I read something yesterday about someone being happy about this quarantine, life was getting overwhelming and out of hand and this made them slow down and take a break. I smiled when I read that. This world we live in, especially here in America, is too fast paced. There is too much expectation. Too much go go go with little time to sit back, relax, and enjoy life. Unfortunately, for most parents this is not our reality. I know we all have our struggles. We are living in unprecedented times. A global crisis like nothing most of us have ever lived through. I can’t imagine how it feels to be working in the medical field or be married to and have a family with someone working in that field. I’d like to give a heartfelt thank you to all of our frontline workers and their families. Life is so challenging for so many right now. This is just my take on life in quarantine with 3 kids, 5 and under.
Harry was born on February 21st. March 13th is when our president declared a national emergency. When I had Harry, I thought I had 12 weeks sprawled in front of me of time with family, time with friends, time bonding with my newborn. Typically after you have a new baby, your house is a revolving door of friends and family coming to visit to see the newest addition and offer help to you wherever you need it. Even if all you need is someone to sit with you. Or someone to help occupy your older kids while you bond or nap with the baby. Esmé should’ve been in school. So while I was home alone during the day, it was just with 2 kids. Lucy has always been pretty independent so I was looking forward to that special baby bonding time while lucy was off doing her own thing. I imagined spending so much time with my mom. She’s literally the best grandma and I was so looking forward to spending all this time with her and the kiddos who adore her.

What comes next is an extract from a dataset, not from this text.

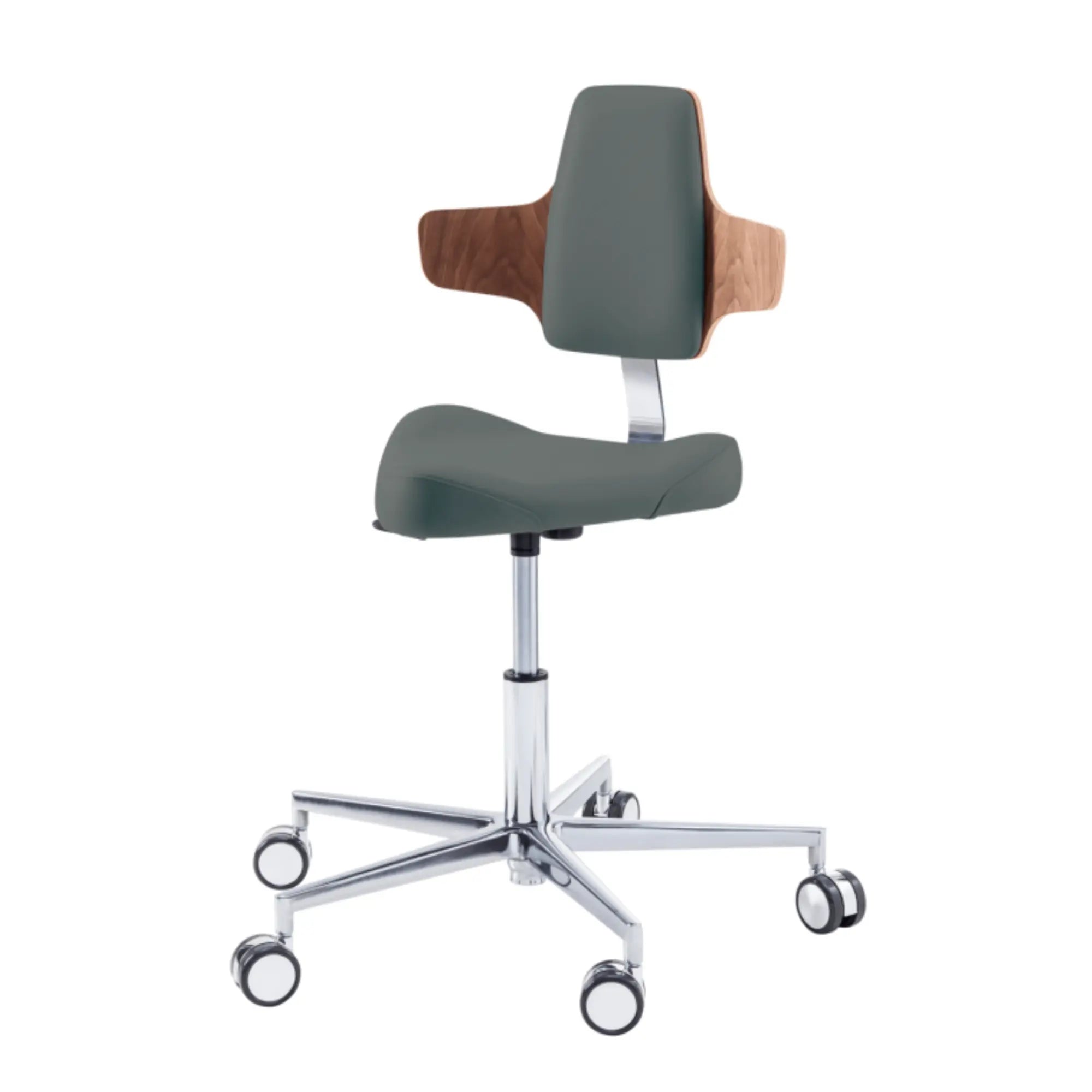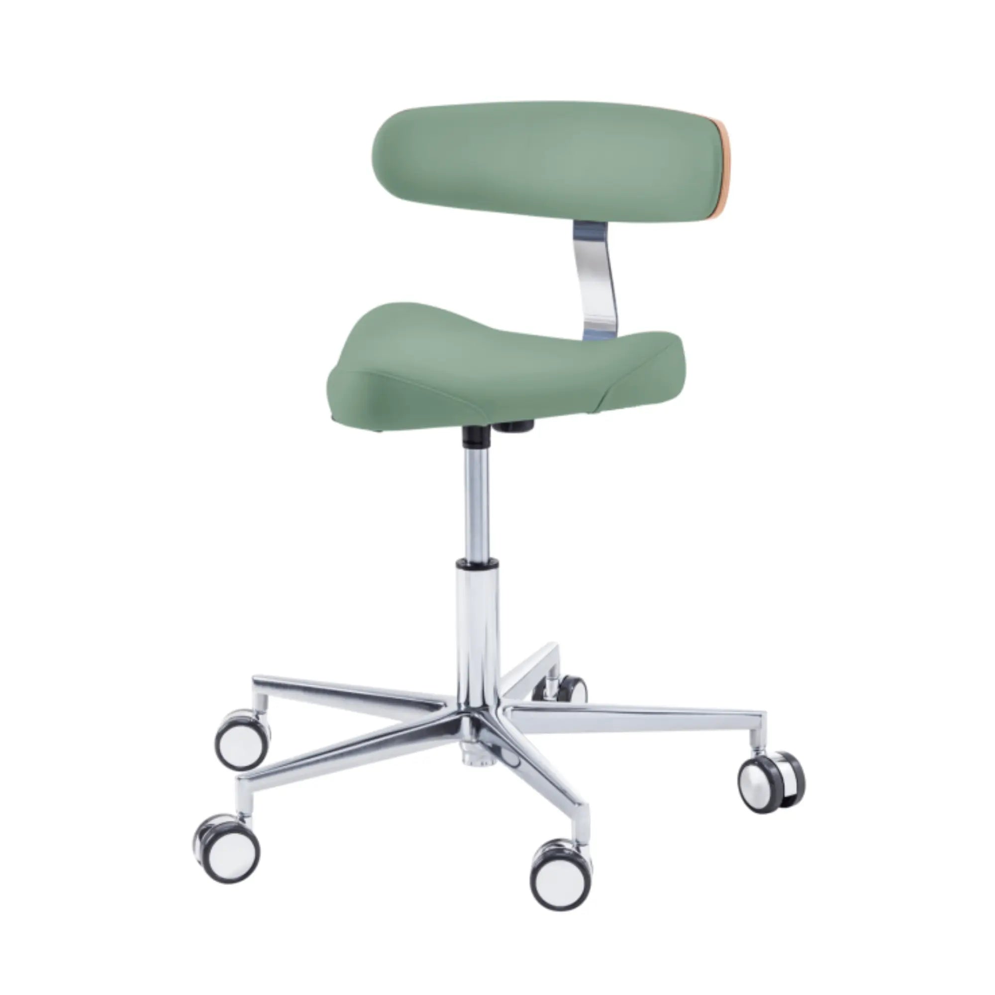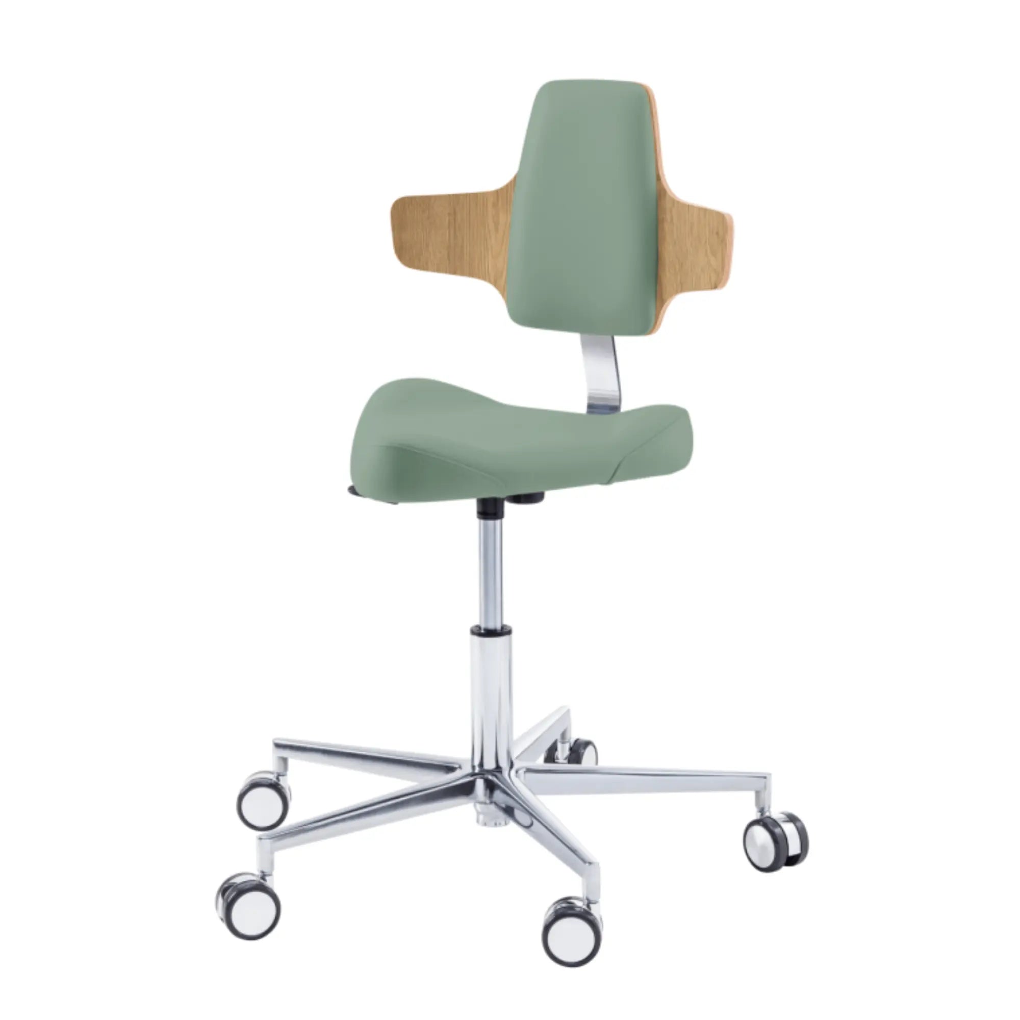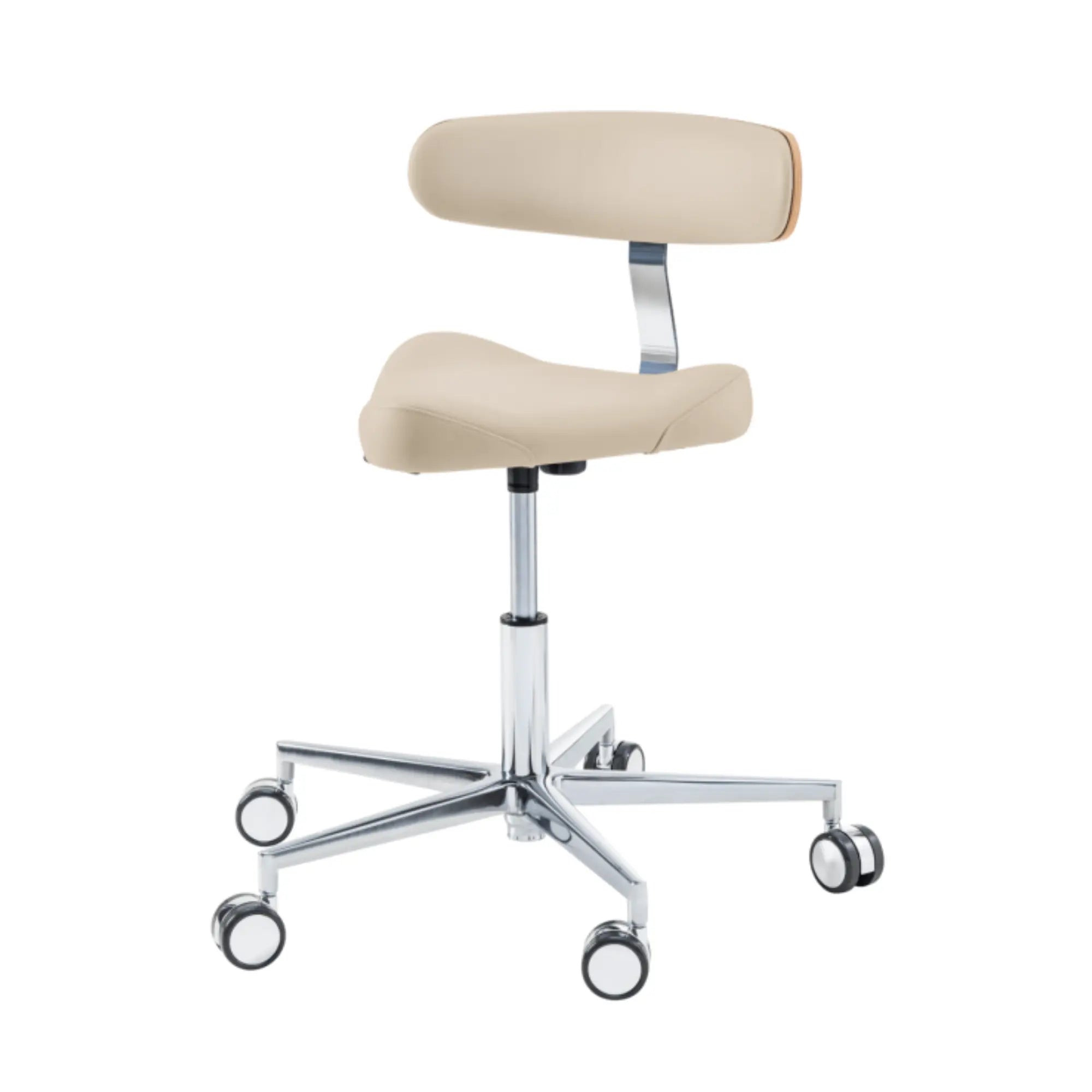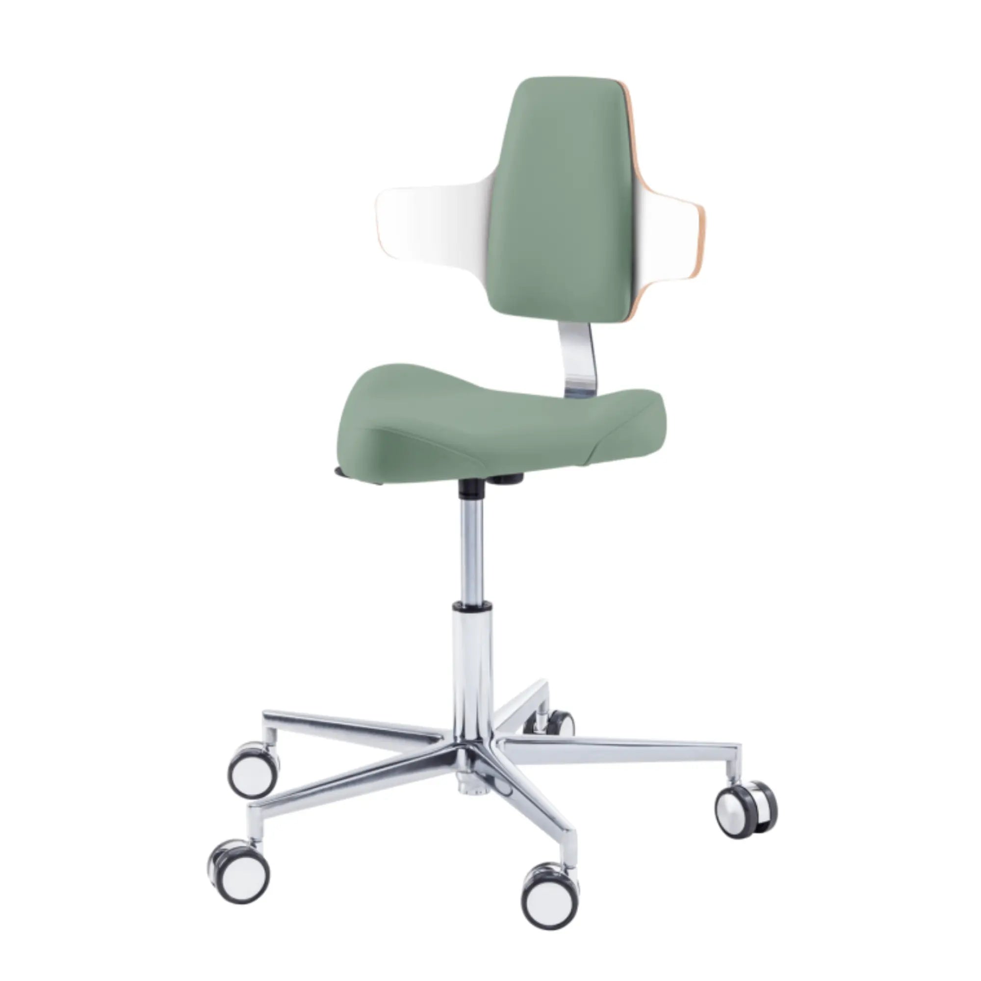 Este asiento de forma triangular proporciona cierta libertad de movimiento en los muslos con elementos de soporte moldeados lateralmente. Esto le permitirá moverse fácilmente por su oficina sin tener que levantarse de su taburete.

Instead of this special “4th trimester” I had envisioned, I found myself in the middle of a global pandemic. Married to an essential worker. Thrown to the sharks of life with 3 kids. Drowning, without a lifeboat. Esmé, my social butterfly with big giant feelings and big giant energy is no longer in school. She no longer has her weekly swim lessons. She no longer has her visits and play dates with friends. She no longer has her teacher that she adores. I am now her teacher. Instead of my quiet bonding time nursing Harry while Lucy does her own thing, I’m now nursing Harry awkwardly sitting at the kitchen table, trying to get Esmé through her school work while she and Lucy bicker over who gets to sit closer to me while we work. Instead of so much time with my mom, I have a baby that’s 2 months old and has only seen and been held by his grandma once, days before this shelter in place was put into effect. She’s watching him grow through tiny little poor quality pictures on her old flip phone or from the occasional picture my dad prints from emails I send him that he can only see on a computer at work. I’m now putting out fires left and right as my 5 and 3 year old are fighting constantly over EVERYthing. At almost all times at least one of my children is crying. At all times someone is asking me for something to eat, something to drink. Even if they have food right in front of them. I’m answering 739 questions every morning before breakfast. I’m trying to squeeze any amount of cleaning or preparing food in the 10-20 minutes here and there throughout the day that Harry is sleeping or content outside of my arms. I’m trying to keep some sort of normalcy for my kids that are used to going to visit friends and family, that are used to walking to the park and playing on the playground, that are used to trips to the grocery store with me or little outings here and there.
I’m constantly feeling guilty that I’m not doing enough. That I’m not happy enough. Parents in general are constantly worrying about how we are messing our kids up, now we get to worry about how we are handling this pandemic. Are we providing them with the right tools to mentally and emotionally work through times like these? Are we doing irreversible damage while they are seeing us overcome with anxiety and depression over this isolation? I post a lot of pictures of our baking adventures. What you don’t see in the highlight reel of smiling faces is that sometimes those adventures end in all of us crying, some of us yelling, with my 5 year old telling me “today was the worst day, I miss my old life”. We bake because it’s become my coping mechanism and there’s a win win there of it being some quality time and memory making with the kids. Harry is usually in the swing crying while we do it but sometimes I just need to put him down. Baking has become almost obsessive. The second I have a few minutes of quiet, where my brain is allowed to wander, I have to get up and bake something. Or do something. Because if I don’t, I start to spiral and I start to fall apart. There is no time in my life right now with 3 kids so young, watching my every move, needing me constantly, to fall apart. My counselor says during these times to take it one day at a time. One moment at a time because it’s too much to take on otherwise. Too many what ifs. Too many unanswerable questions about the future. This parenting thing takes a village and we are all very abruptly without that village. I find myself forgoing what little bit of sleep life with a newborn and a 3 and 5 year old offers just so that I can have a little bit of time without being pulled in 7 different directions. Without 2 kids constantly talking/fighting/crying/asking questions all while a baby cries or has just fallen asleep, nursing. Sometimes those hours I should be sleeping are the only times I can get any of the housework done.
I really am so grateful for my life. I am so lucky in more ways than I can count. I inwardly and outwardly genuinely express my gratitude daily for all of my blessings. Every night before bed the girls and I list and write out 3 things to be thankful for during this time. But this is hard. Really hard. And I’m struggling.